E’ bene specificare che il diploma da geometra assicura quasi immediatamente l’immissione nel mondo del lavoro. Per esercitare la libera professione è necessario sostenere gli esami di abilitazione all’esercizio, con conseguente iscrizione all’albo.

Lo studente dovrà anche svolgere un tirocinio di massimo 18 mesi presso studi professionali di geometra, architetto o ingegnere civile. In alternativa è possibile svolgere attività tecnica subordinata, sempre per almeno un anno e mezzo. E’ possibile  frequentare dei corsi di formazione professionale e di Formazione Tecnica Superiore. Tantissimi, inoltre, sono gli ambiti professionali in cui è possibile inserirsi. Questo perché il CAT approfondisce molti ambiti. Le materie di studio, infatti, si basano sulle norme di diritto civile e amministrativo, la valutazione degli immobili, le misure di messa in sicurezza e conoscenze di carattere finanziario.
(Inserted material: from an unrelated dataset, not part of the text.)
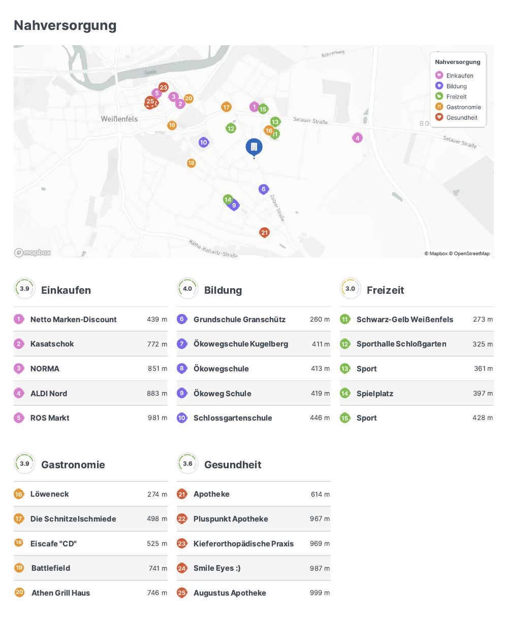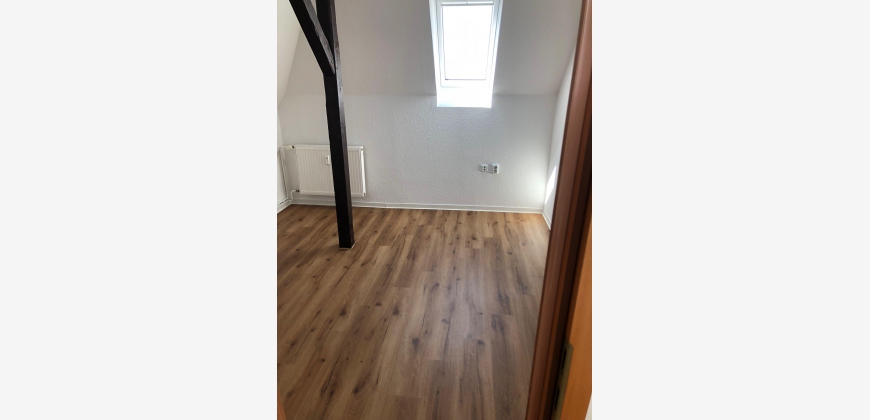 Die 2-Raum-Wohnung befindet sich im DG eines florierenden Mehrfamilienhauses. Eine Einbauküche ist bereits vorhanden und im guten Zustand. Die Wohnung ist frisch renoviert und wird provisionsfrei übergeben. Das Haus steht zentrumsnah in der Altstadt und hat eine gute Verkehrsanbindung. Im Hinterhof ist ein großer Garten, dieser steht den Mietern zur Verfügung. Ein Parkplatz für Ihr Fahrzeug finden Sie in den umliegenden Straßen. Die Wohnung hat ein Kinderzimmer mit Durchgangszimmer, Tageslichtbad mit Dusche, Küche sowie Wohnzimmer. Das Dach des Hauses wurde im Jahr 2023 erneuert, inkl. 3-Fach verglaster Dachfenster. # Weitere Angaben Verfügbar ab: 01.05.2026 Kaltmiete: 375 EUR Betriebskosten / Heizung: 150 EUR Warmmiete: 525 EUR Kaution: 1000 EUR Objektzustand: Gut Qualität der Ausstattung: Standard Bodenbelag: Laminat, Vinyl # Lagebeschreibung Weißenfels ist eine charmante Stadt in Sachsen-Anhalt, Deutschland. Sie liegt an der Saale und ist bekannt für ihre gut erhaltene Altstadt mit historischen Gebäuden wie dem Schloss Neu-Augustusburg und der Stadtkirche St. Marien. Die Stadt hat eine reiche Geschichte, die bis ins Mittelalter zurückreicht, und bietet Besuchern eine Vielzahl von kulturellen Sehenswürdigkeiten und Veranstaltungen. Weißenfels ist auch für seine traditionelle Handwerkskunst und seine malerische Landschaft bekannt. Ein Besuch in Weißenfels lohnt sich auf jeden Fall für alle, die Geschichte, Kultur und Natur gleichermaßen schätzen. Weißenfels liegt im Süden von Sachsen-Anhalt und gehört zum Burgenlandkreis. Verkehrsmäßig ist die Stadt über die Autobahnen 9 und 38 sowohl auch über die Bundesstraßen 91, 87 und 176 gut zu erreichen. Alle Geschäfte und Einrichtungen des täglichen Bedarfes, Kindereinrichtungen und Schulen sind ebenso ausreichend vorhanden, wie die Unterbringung und Versorgung für unsere Senioren. Für Kultur und Freizeit bietet die ganze Region vielfältige Beschäftigungs- und Erholungsmöglichkeiten. Auch als Wirtschaftsstandort kann Weißenfels sehr gute Ergebnisse vorweisen. # Energie Energieausweis: E (154,3 kWh/m2*a) Baujahr: 1950 Heizungsart: Zentralheizung Wesentliche Energieträger: Gas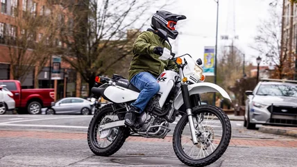 When it comes to top-rated dual sport motorcycles, the Suzuki DR650S is hard to beat — not only is it an excellent 50/50 bike, but it's also one of the most affordable Suzuki motorcycles you can buy today. It features a robust 644cc four-stroke motor capable of roughly 35 horsepower and top speeds exceeding 100 miles per hour. With those specs, the DR650S can handle just about anything you throw at it, be it muddy trails, desolate highways, or congested city streets. The bike weighs just under 370 pounds and has a seat height of 34.8 inches, making it big enough to handle large riders without being uncomfortable or cumbersome for smaller riders.

Per chi vuole invece continuare gli studi, quale università scegliere dopo il CAT? Di sicuro esistono corsi di laurea specifici. Tra i più comuni c’è Ingegneria che rappresenta il naturale proseguimento del percorso scolastico. In questo modo gli studenti, in base  alle loro aspirazioni, possono approfondire le conoscenze acquisite.  Vediamo nel dettaglio quale università scegliere dopo il diploma di tecnico costruzioni ambiente e territorio.

Università dopo il Tecnico Costruzioni Ambiente e Territorio: facoltà e corso di laurea da scegliere

Dopo il diploma al CAT, è possibile sostenere l’esame di Stato per la libera professione. C’è anche la possibilità di non svolgere il  tirocinio, scegliendo però di proseguire la formazione. Quale università scegliere dopo il tecnico Costruzioni? A risponderci è la Preside Cerchia, già commissario delle commissioni per l’orientamento: ” Gli studenti che hanno ottenuto il diploma di  geometra, solitamente, decidono di proseguire gli studi di Architettura o di Ingegneria. Questo perchè continuano il naturale percorso scolastico.”

La Preside continua:”Grazie alle discipline studiate al CAT, i ragazzi saranno in grado di acquisire le giuste competenze per diventare professionisti. Il piano di studi è suddiviso in due bienni e un quinto anno. Il primo biennio è caratterizzato dalla presenza di insegnamenti di base e materie tecnico- scientifiche. Nel secondo biennio e nell’ultimo anno si studiano le materie profesionalizzanti come estimo, topografia e scienza delle costruzioni. Gli studenti partecipano, inoltre, a  molte le ore di laboratorio con la possibilità di svolgere stage.

Facoltà universitarie per diplomati al Tecnico Costruzioni Ambiente e Territorio: la più appropriata e la più semplice

Gli studenti del CAT partecipano al programma alternanza scuola/lavoro, per conoscere da vicino la reltà degli studi professionali, delle aziende e degli enti pubblici. Per chi vuole continuare gli studi, quale università scegliere dopo il tecnico costruzioni? A risponderci è la Preside Cerchia: “L’istruzione tecnica coniuga il sapere con il saper fare, offrendo agli studenti delle competenze immediatamente spendibili nel mondo del lavoro.”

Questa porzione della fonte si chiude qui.